Percobaan Stern-Gerlach pada tahun 1922 memberikan bukti lebih jauh
mengenai sifat-sifat kuantum atom. Ketika seberkas atom perak ditembakkan
melalui medan magnet, berkas tersebut terpisah-pisah sesuai dengan arah
momentum sudut atom (spin). Oleh karena arah spin adalah acak, berkas
ini diharapkan menyebar menjadi satu garis. Namun pada kenyataannya berkas ini
terbagi menjadi dua bagian, tergantung dari apakah spin atom tersebut
berorientasi ke atas ataupun ke bawah.
Pada tahun
1926, dengan menggunakan pemikiran Louis de Broglie bahwa
partikel berperilaku seperti gelombang, Erwin Schrödinger mengembangkan suatu
model atom matematis yang menggambarkan elektron sebagai gelombang tiga
dimensi daripada sebagai titik-titik partikel. Konsekuensi penggunaan bentuk
gelombang untuk menjelaskan elektron ini adalah bahwa adalah tidak mungkin
untuk secara matematis menghitung posisi dan momentum partikel
secara bersamaan. Hal ini kemudian dikenal sebagai prinsip ketidakpastian, yang dirumuskan oleh Werner Heisenberg pada
1926. Menurut konsep ini, untuk setiap pengukuran suatu posisi, seseorang hanya
bisa mendapatkan kisaran nilai-nilai probabilitas momentum, demikian pula
sebaliknya. Walaupun model ini sulit untuk divisualisasikan, ia dapat dengan
baik menjelaskan sifat-sifat atom yang terpantau yang sebelumnya tidak dapat
dijelaskan oleh teori mana pun. Oleh sebab itu, model atom yang menggambarkan
elektron mengitari inti atom seperti planet mengitari matahari digugurkan dan
digantikan oleh model orbital atom di
sekitar inti di mana elektron paling berkemungkinan berada.
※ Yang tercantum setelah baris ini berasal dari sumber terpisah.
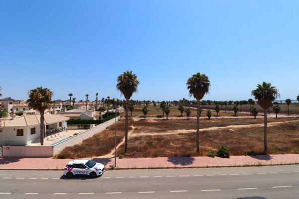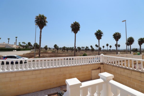 Diese Quad-Villa mit einer konstruierten Fläche von 104 m² bietet eine gut proportionierte Aufteilung auf zwei Etagen. Das Erdgeschoss umfasst ein helles Wohn-/Esszimmer, eine separate Einbauküche und eine praktische Garderobe, die alle über eine teilweise überdachte Eingangsterrasse zugänglich sind, die sich ideal für den Morgenkaffee eignet. Im ersten Stock befinden sich drei Doppelschlafzimmer, darunter ein Hauptschlafzimmer mit Einbauschränken und Zugang zu einer privaten Terrasse, sowie ein Familienbadezimmer. Eine Innentreppe führt zu einem geräumigen privaten Solarium mit herrlichem Blick auf den Salzsee und die Landschaft. Im Außenbereich bietet der geflieste Garten Parkplätze abseits der Straße, einen Carport und viel Platz zum Entspannen oder für Unterhaltung. Die Bewohner haben außerdem Zugang zu zwei Gemeinschaftspools. Diese Immobilie an der Costa Blanca Süd ist eine fantastische Gelegenheit für einen dauerhaften Wohnsitz, einen Urlaubsort oder eine Mietinvestition.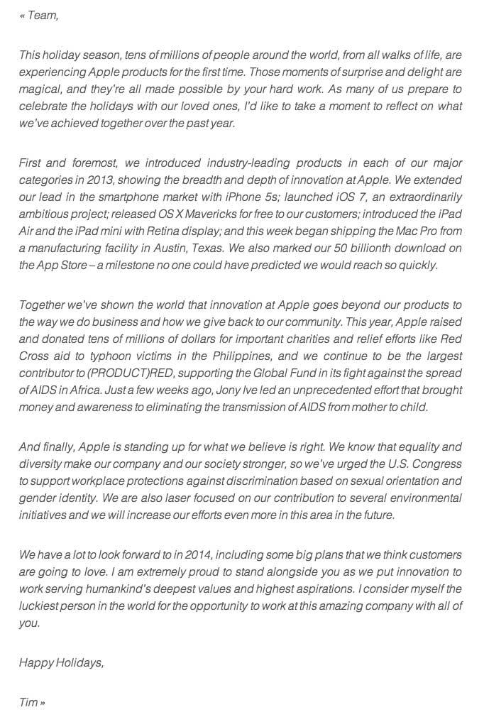 Cook conclude la lettera con i saluti e gli auguri di rito. “Sono molto orgoglioso di avervi a fianco, per avere messo l’innovazione al servizio dei valori più profondi del genere umano e di alte aspirazioni. Mi considero la persona più fortunata al mondo per l’opportunità di lavorare insieme con tutti voi in questa incredibile azienda”.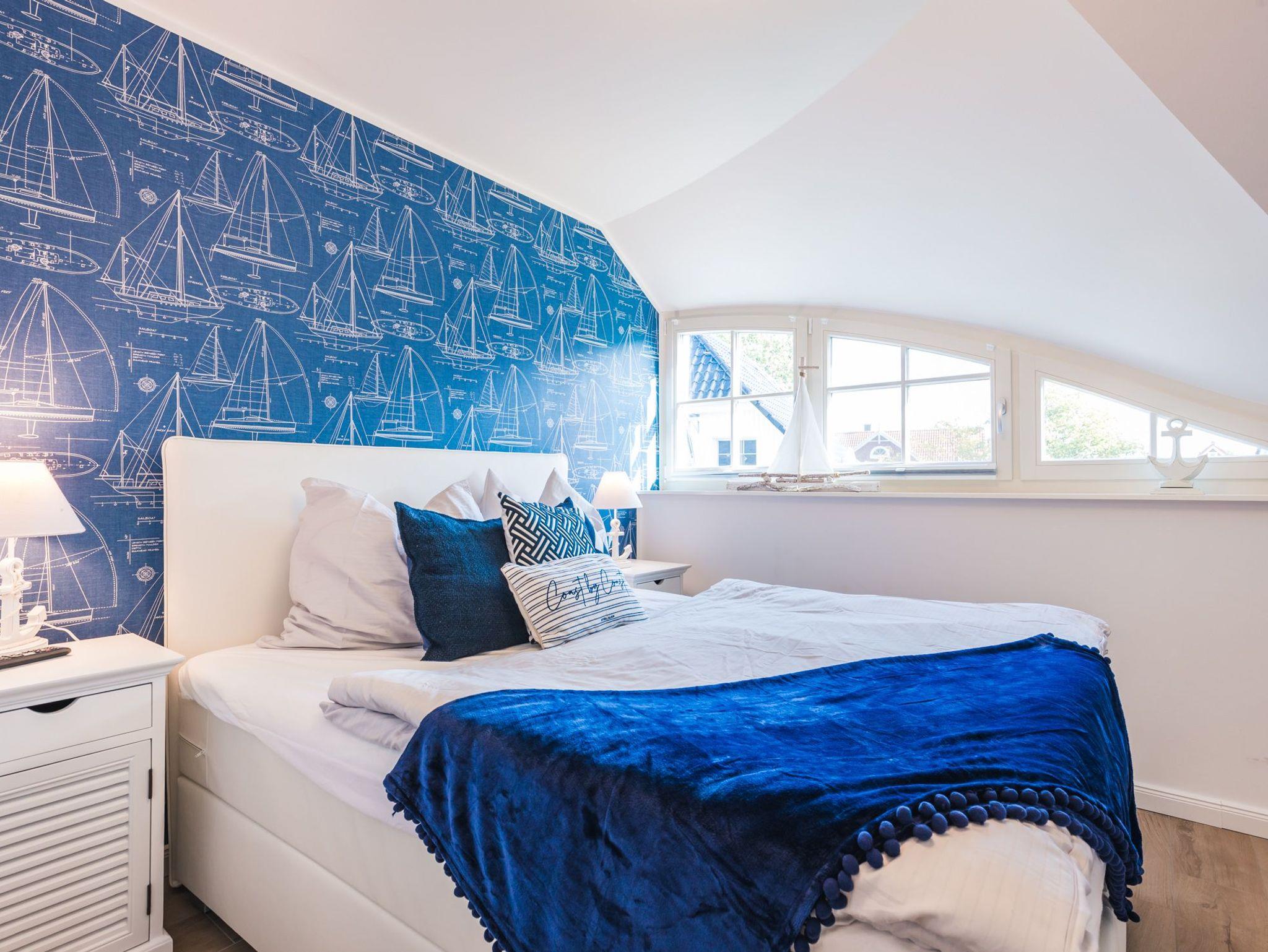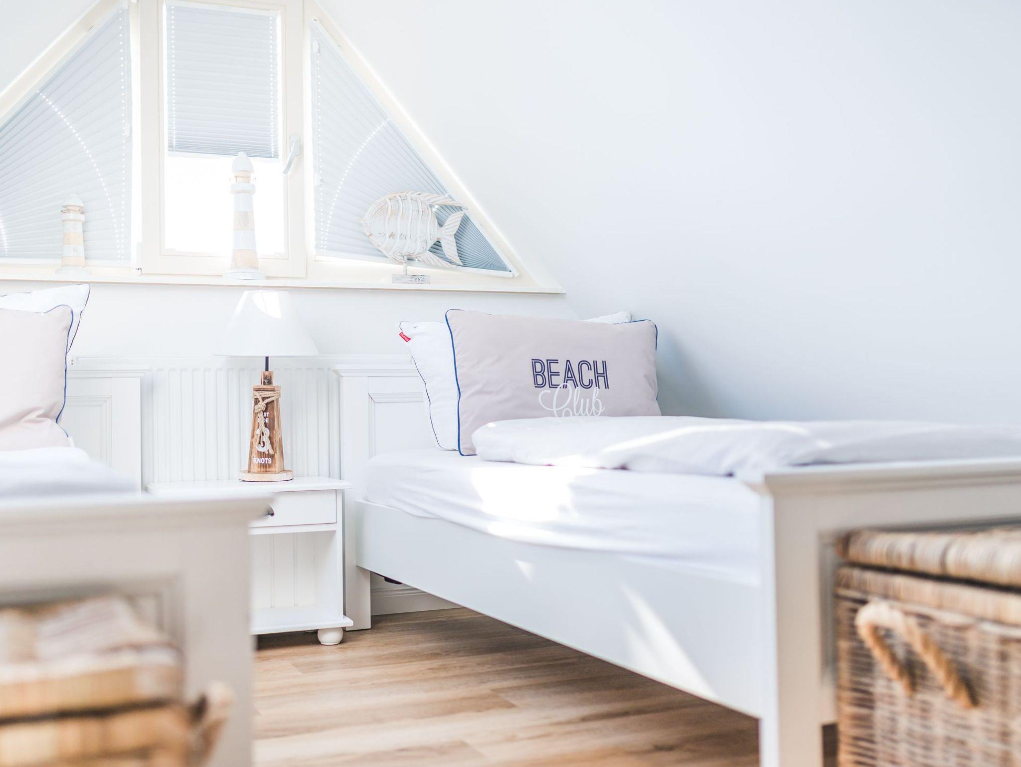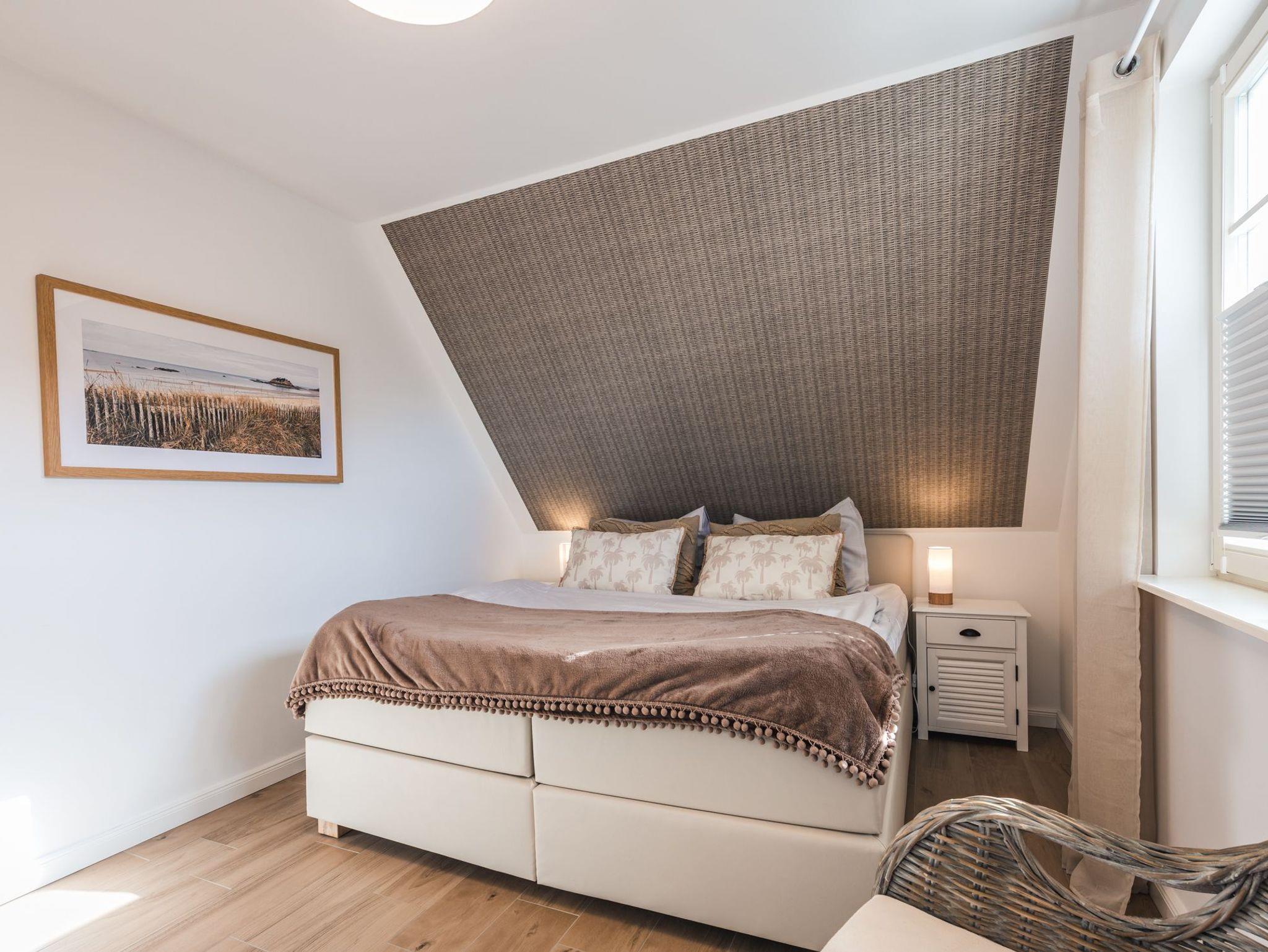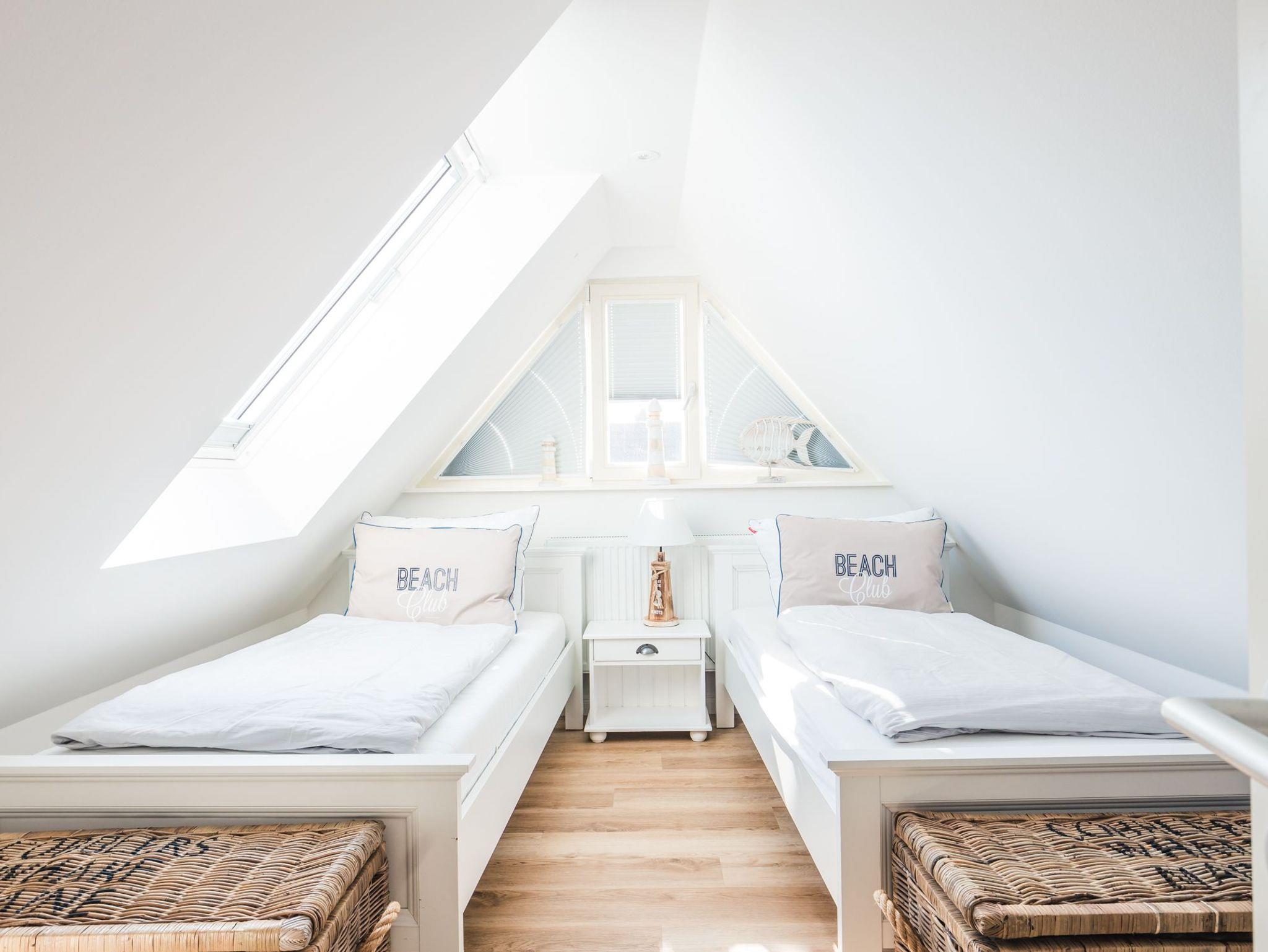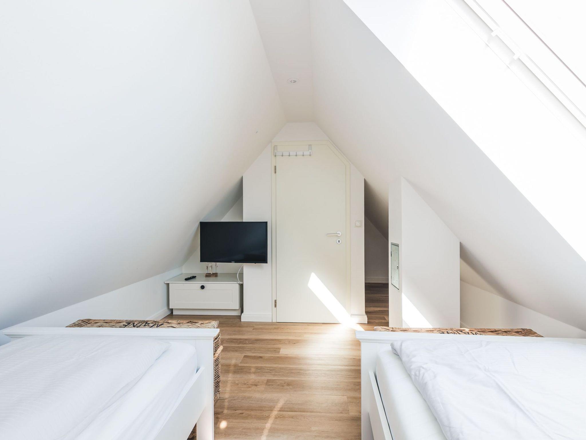 Im Obergeschoss des Ferienhauses befinden sich zwei Schlafzimmer für je zwei Personen, eines der Hauptschlafzimmer hat Zugang zu einem separaten weiteren kleinen Zimmer mit Einzelbett. Die Schlafzimmer sind mit Boxspringbetten ausgestattet. Der ausgebaute Spitzboden verfügt über zwei weitere Einzelbetten. 3 von 4 Schlafzimmern verfügen über einen Flatscreen TV.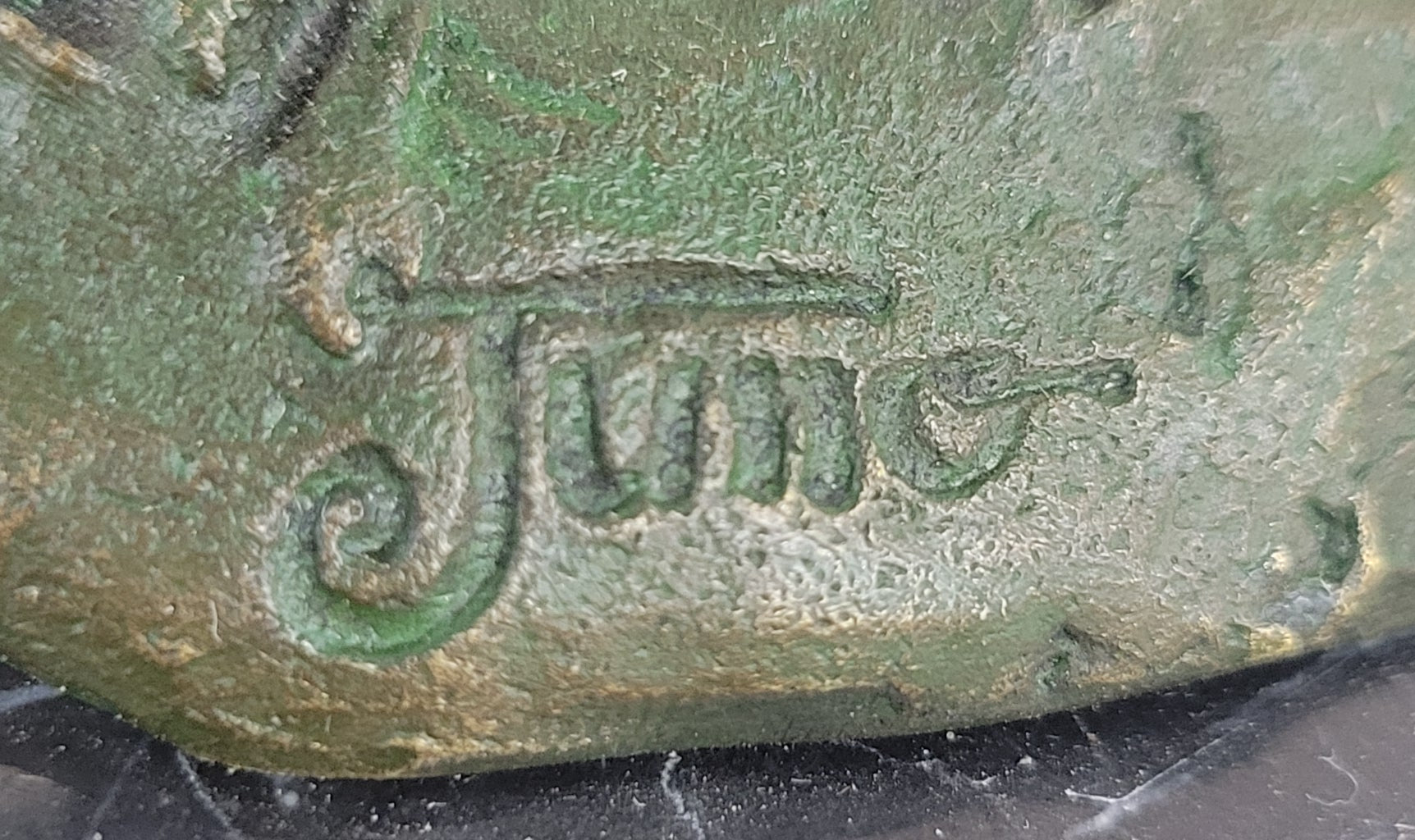 The leprechaun, known for its folklore association with Irish mythology, is portrayed with a playful and lively demeanor. The use of multi-color patina adds a dynamic and eye-catching element to the sculpture, enhancing its visual appeal. The artist's signature, Juno, is a mark of authenticity and craftsmanship.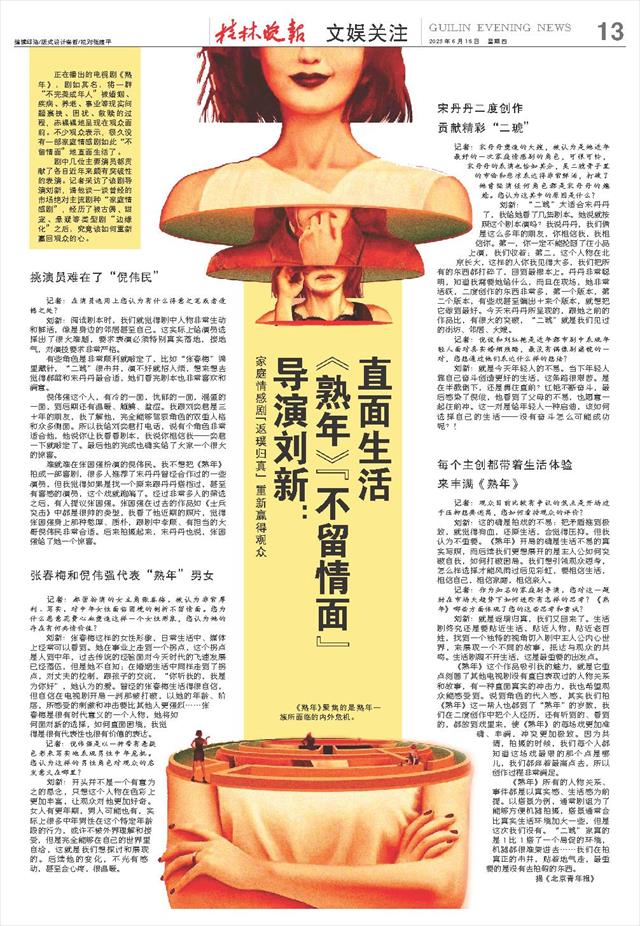 刘新:这的确是拍戏的不易:把矛盾推到极致,就觉得狗血,还原生活,会觉得压抑。但我认为不重要。《熟年》开局的确是生活不易的真实写照,而后续我们更想展开的是主人公如何突破自我,如何打破困局。我们想引领观众思考,怎么样选择才能风雨过后见彩虹,要相信生活,相信自己,相信家庭,相信亲人。

Diagram skema spetrometer massa sederhana.
Perkembangan
pada spektrometri massa mengijinkan dilakukannya pengukuran massa atom
secara tepat. Peralatan spektrometer ini menggunakan magnet untuk membelokkan
trayektori berkas ion, dan banyaknya defleksi ditentukan dengan rasio massa
atom terhadap muatannya. Kimiawan Francis William Aston menggunakan peralatan ini untuk menunjukkan
bahwa isotop mempunyai massa yang berbeda. Perbedaan massa antar isotop ini
berupa bilangan bulat, dan ia disebut sebagai kaidah bilangan bulat. Penjelasan pada perbedaan massa isotop ini
berhasil dipecahkan setelah ditemukannya neutron, suatu
partikel bermuatan netral dengan massa yang hampir sama dengan proton, yaitu oleh James Chadwick pada
tahun 1932. Isotop kemudian dijelaskan sebagai unsur dengan jumlah proton yang
sama, namun memiliki jumlah neutron yang berbeda dalam inti atom.
Pada tahun
1950-an, perkembangan pemercepat partikel dan detektor partikel mengijinkan
para ilmuwan mempelajari dampak-dampak dari atom yang bergerak dengan energi
yang tinggi. Neutron dan proton kemudian diketahui sebagaihadron, yaitu komposit partikel-partikel kecil yang disebut
sebagai kuark. Model-model standar fisika nuklir
kemudian dikembangkan untuk menjelaskan sifat-sifat inti atom dalam hal
interaksi partikel subatom ini.
Sekitar
tahun 1985, Steven Chu dkk.
di Bell Labs mengembangkan
sebuah teknik untuk menurunkan temperatur atom menggunakan laser. Pada tahun yang sama, sekelompok ilmuwan yang
diketuai oleh William D. Phillips berhasil memerangkap atom natrium dalam perangkap magnet. Claude Cohen-Tannoudji kemudian menggabungkan kedua teknik tersebut
untuk mendinginkan sejumlah kecil atom sampai beberapa mikrokelvin. Hal ini mengijinkan ilmuwan mempelajari atom dengan
presisi yang sangat tinggi, yang pada akhirnya membawa para ilmuwan
menemukan kondensasi Bose-Einstein.
Dalam
sejarahnya, sebuah atom tunggal sangatlah kecil untuk digunakan dalam aplikasi
ilmiah. Namun baru-baru ini, berbagai peranti yang menggunakan sebuah atom
tunggal logam yang dihubungkan dengan ligan-ligan organik (transistor elektron tunggal) telah dibuat. Berbagai penelitian telah dilakukan
untuk memerangkap dan memperlambat laju atom menggunakan pendinginan laser untuk
mendapatkan pemahaman yang lebih baik mengenai sifat-sifat atom.